_INPUT MATERIAL_:

--- START ---

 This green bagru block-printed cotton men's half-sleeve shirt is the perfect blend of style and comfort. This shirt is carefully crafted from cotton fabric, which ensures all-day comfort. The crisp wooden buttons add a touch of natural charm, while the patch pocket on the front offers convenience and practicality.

--- END ---
--- START ---

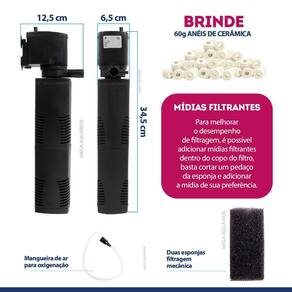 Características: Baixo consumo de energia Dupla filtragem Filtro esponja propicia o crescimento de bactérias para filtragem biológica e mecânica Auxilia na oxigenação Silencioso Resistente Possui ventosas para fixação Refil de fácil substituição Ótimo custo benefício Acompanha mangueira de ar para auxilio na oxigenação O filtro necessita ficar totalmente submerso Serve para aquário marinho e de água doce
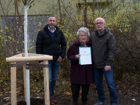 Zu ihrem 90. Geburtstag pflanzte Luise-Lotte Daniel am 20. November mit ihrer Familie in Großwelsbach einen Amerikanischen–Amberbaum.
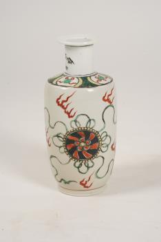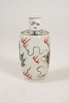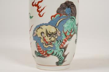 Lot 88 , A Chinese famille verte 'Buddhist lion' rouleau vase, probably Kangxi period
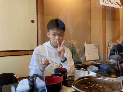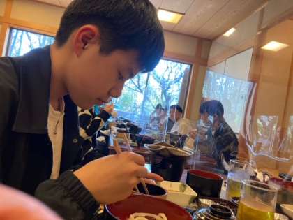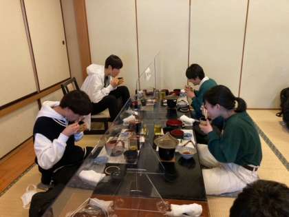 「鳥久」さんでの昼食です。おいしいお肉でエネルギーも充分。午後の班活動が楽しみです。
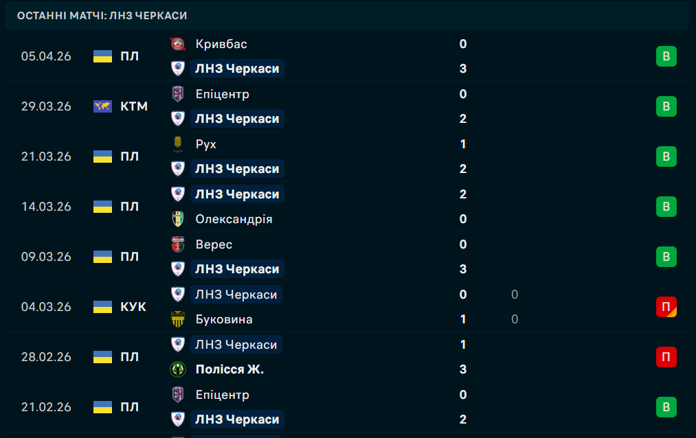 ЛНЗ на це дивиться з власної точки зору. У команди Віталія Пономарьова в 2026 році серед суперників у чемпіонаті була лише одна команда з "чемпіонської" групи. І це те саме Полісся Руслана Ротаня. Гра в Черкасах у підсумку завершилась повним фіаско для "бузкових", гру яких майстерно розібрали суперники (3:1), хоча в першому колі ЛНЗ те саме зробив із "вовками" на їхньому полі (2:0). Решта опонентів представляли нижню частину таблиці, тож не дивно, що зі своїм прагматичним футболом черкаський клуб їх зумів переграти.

--- END ---

_TASK REQUIREMENTS_:
Leave the pictures out, and transcribe exactly the lines above starting at the one that contains "Lot 88 , A Chinese" and ending at the one that contains "ЛНЗ на це дивиться".

_SOLUTION TO THIS TASK_:
 Lot 88 , A Chinese famille verte 'Buddhist lion' rouleau vase, probably Kangxi period
 「鳥久」さんでの昼食です。おいしいお肉でエネルギーも充分。午後の班活動が楽しみです。
 ЛНЗ на це дивиться з власної точки зору. У команди Віталія Пономарьова в 2026 році серед суперників у чемпіонаті була лише одна команда з "чемпіонської" групи. І це те саме Полісся Руслана Ротаня. Гра в Черкасах у підсумку завершилась повним фіаско для "бузкових", гру яких майстерно розібрали суперники (3:1), хоча в першому колі ЛНЗ те саме зробив із "вовками" на їхньому полі (2:0). Решта опонентів представляли нижню частину таблиці, тож не дивно, що зі своїм прагматичним футболом черкаський клуб їх зумів переграти.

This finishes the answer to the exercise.